OK, here goes, the issue is the following...

The optimization is question optimizes to row-by-row or
column-by-column copying for 2-d arrays when possible, namely when:

1. the input array (where the array in question is Block.values) is
c-contiguous for takes along axis0 or f-contiguous for takes along
axis1 of the array, and
2. the contiguity of the output array matches the contiguity of the input

Almost all the time, Block.values is stored c-contiguously, such that
each row of the Block corresponds to a column of the DataFrame. So the
optimization only really kicks in, effectively, when reindexing along
the column axis of the DataFrame (i.e. axis 0 of the Block); it
basically means we call memmove once per DataFrame column rather than
iterating in a loop and copying elements.  This is good because most
sane DataFrame objects are have more rows than columns, so we call
memmove few times (i.e. once per column) for a large block of values
(i.e. all rows for that column at a time), so any overhead from
calling memmove will be outweighed by the benefit of a hand optimized
copy (which probably involves vectorization, alignment/cache
optimization, loop unrolling, etc.)

C-contiguous blocks result from basically every Pandas operation that
operates on blocks, with the only exceptions of (as far as I can tell)
creating a DataFrame directly from a 2-d ndarray or creating the
transpose of a homogenous DataFrame (but not a heterogenous one)
without copying; this is basically an optimization to avoid creating
the c-contigous version of an array when the f-contiguous one is
already available, but it's the exception rather than the rule and
pretty any modification of the DataFrame will immediately require
reallocation and copying to a new c-contiguous block.
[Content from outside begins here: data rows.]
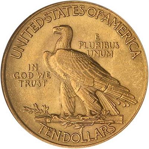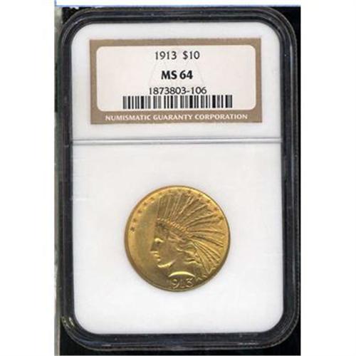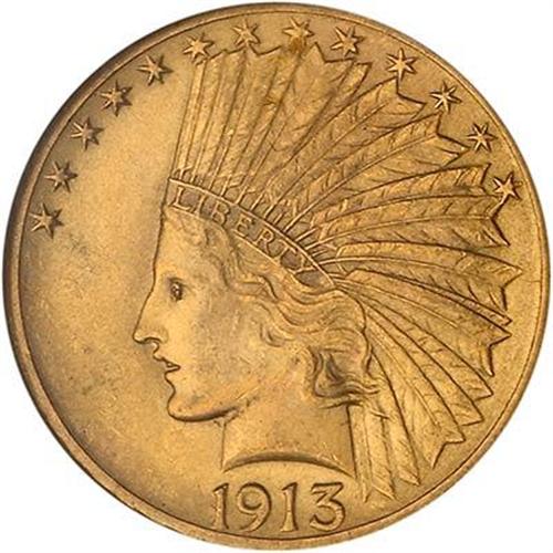 1913 $10 Indian. Both sides are soaked in in copper-gold iridescence that accents the ample remaining luster. A better than average impression was left by the recoil of the dies that struck this 1913 Indian ten. (#8873)
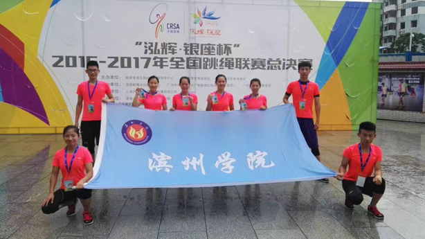 7月8—12日,“泓辉·银座杯”2016-2017年全国跳绳联赛总决赛在广州花都圆满落幕,我校学生花样跳绳代表队荣获2项冠军。其中,吕泽慧、泥凯旋获大学组一带一冠军,吕泽慧、泥凯旋、吕磊、屈雪梅、王文娟、孙振兴、郑双飞获大学组花样大众二级通级赛冠军。 本次比赛由国家体育总局社会体育指导中心、中国大学生体育协会联合主办,共有25个省市84支代表队1300名运动员参赛。
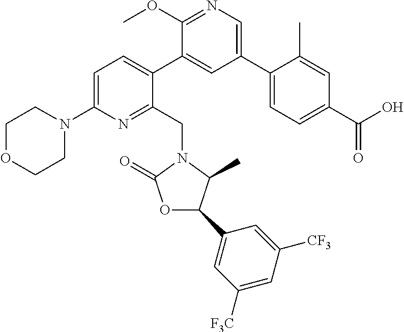 A solution of TFA (0.095 mL, 1.240 mmol) and tert-butyl 4-[2′-({(4S,5R)-5-[3,5-bis(trifluoromethyl)phenyl]-4-methyl-2-oxo-1,3-oxazolidin-3-yl}methyl)-2-methoxy-6′-(morpholin-4-yl)-3,3′-bipyridin-5-yl]-3,5-dimethylbenzoate (EXAMPLE 55, 44 mg, 0.055 mmol) in CH2Cl2 (0.5 mL) was stirred at room temperature overnight, after which time TLC and LCMS showed the reaction to be complete. After solvent was removed in vacuo, the crude was dissolved in CH3CN and purified by reverse phase HPLC (C18 stationary phase, using a gradient from 10-100% CH3CN/water (modified with 0.05% TFA) to give the titled compound (33 mg, 0.038 mmol, 70% yield) as white solid after lyophilization. LCMS (M+H)+: 731.0. 1H NMR (CD3OD, 500 MHz): δ 8.18 (d, 1H), 7.99 (s, 1H), 7.97 (s, 1H), 7.91 (d, 1H), 7.89 (s, 2H), 7.63 (d, 1H), 7.51 (d, 1H), 7.38 (d, 1H), 6.88 (d, 1H), 5.79 (d, 1H), 4.73 (d, 1H), 4.20-4.31 (m, 1H), 4.03-4.17 (m, 1H), 3.99 (s, 3H), 3.83 (t, 4H), 3.60 (t, 4H), 2.38 (s, 3H), 0.66 (brd, 3H). RTA IC50: 9 nM.
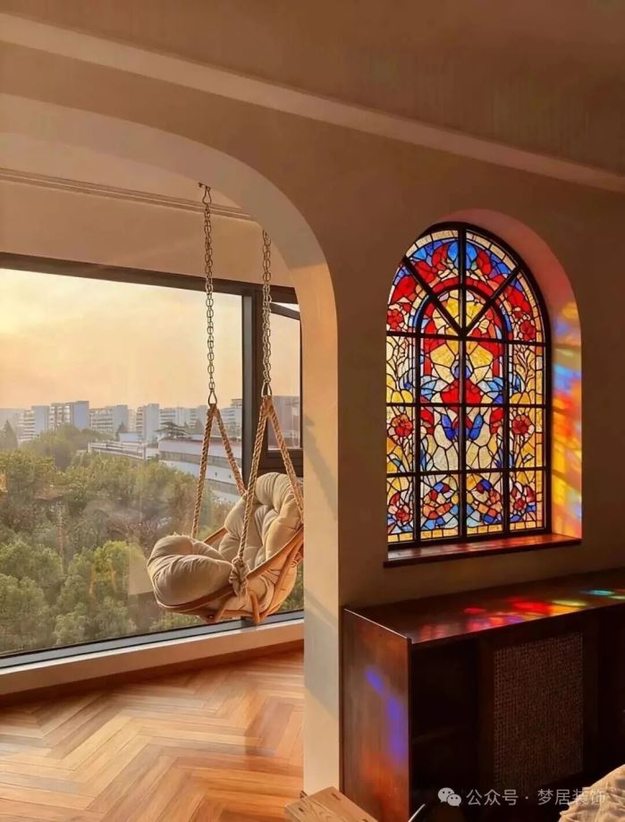 普通窗户平平无奇,拱形玻璃窗形成一道风景线。
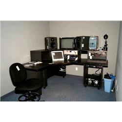 chair, workstation with 52 point TRS patch bay and Furman PL-Plus power conditioner - room 110
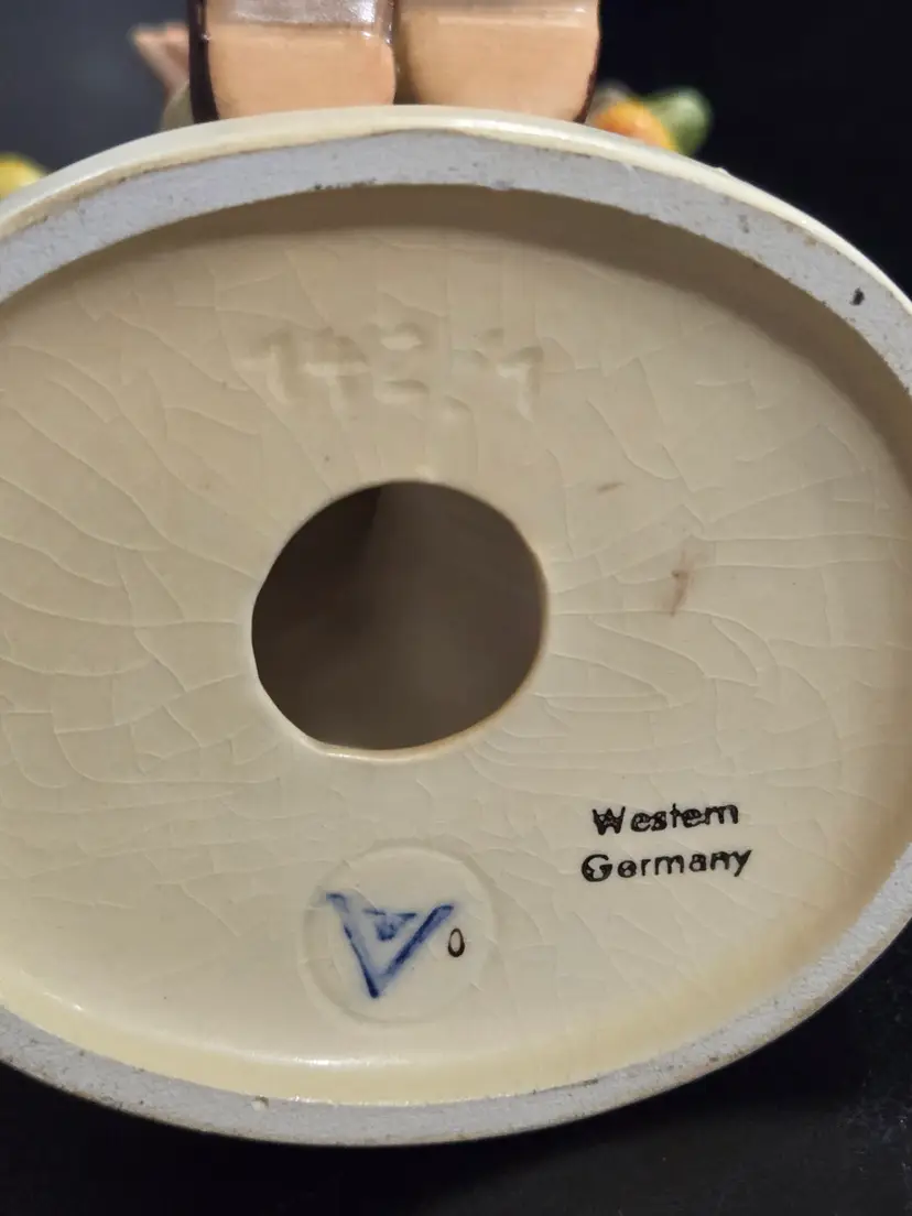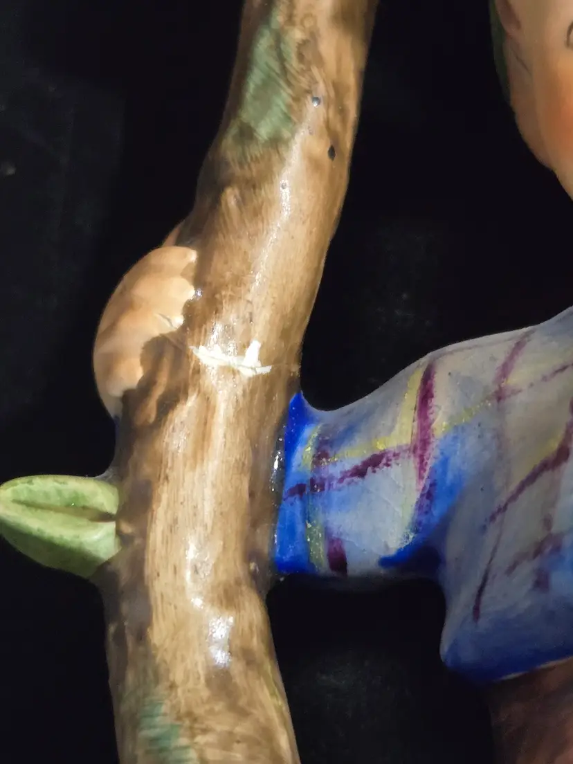 This vintage Goebel Hummel "Apple Tree Boy" represents a notable example of classic German porcelain figurine artistry. Measuring 6 inches in height by 3½ inches in width, the piece displays the refined craftsmanship Hummel is renowned for. Please note this collectible features repairs visible in the provided images, making it an excellent choice for collectors seeking authentic vintage pieces with character and history.

Unfortunately many of the DataFrame tests, including the two in
question here, are (for simplicity) only testing the case where a
homogenous 2-d data is passed to the DataFrame, which results in
(non-representative) f-contiguous blocks. An additional issue with
this test is that it's creating a very long but thin array (10,000
long, 4 wide) and reindexing along the index dimension, so row-by-row
(from the DataFrame perspective) copying is done over and over using
memmove on 4 element arrays. Furthermore, the alignment and width in
bytes of each 4 element array happens to be a convenient multiple of
128bits, which is the multiple required for vectorized SIMD
instructions, so it turns out the element-by-element copying is fairly
efficient when such operations are available (as is guaranteed on
x86-64, but not necessarily x86-32), and the call to memmove has more
overhead than element-by-element copying.

So the issue is basically only happening because all the following are true:

1. The DataFrame is constructed directly by a 2-d homogenous ndarray
(which has the default c-contiguous continuity, so the block becomes
f-contiguous).
2. There has been no operation after construction of the DataFrame
requiring reallocation of any sort (otherwise the block would become
c-contiguous).
3. The reindexing is done on the index axis (otherwise no optimization
would be triggered, since it requires the right axis/contiguity
combination).
4. The DataFrame is long but thin (otherwise memmove would not be
called repeatedly to do small copies).
5. The C compiler is not inlining memmove properly, for whatever reason, and
6. (possibly) The alignment/width of the data happens to be such that
SIMD operations can be used directly, so the overhead of the eliding
the loop is not very great and exceeded by the overhead of the
memmove.

To be honest, it's common C practice to call memmove/memcpy (the
performance of the two don't really differ from my testing in this
case) even for very small arrays and assuming that the implementation
is sane enough to inline it and do the right thing either way, so I'm
really surprised about #5: I would not have thought it to be an issue
with a modern compiler, since calling memcpy can't do anything but
provide the compiler more, not less, information about your intentions
(and the overhead of the memmove aliasing check is not significant
here).

Anyway, so it's a corner case, and I didn't catch it originally
because I tested independently the effect of 1) allocates the output
array to be f-contiguous instead of c-contiguous by default when the
input array is f-contiguous and 2) converting loops into memmove when
possible, both of which have a positive performance effect
independently but combine to adversely affect these two tests.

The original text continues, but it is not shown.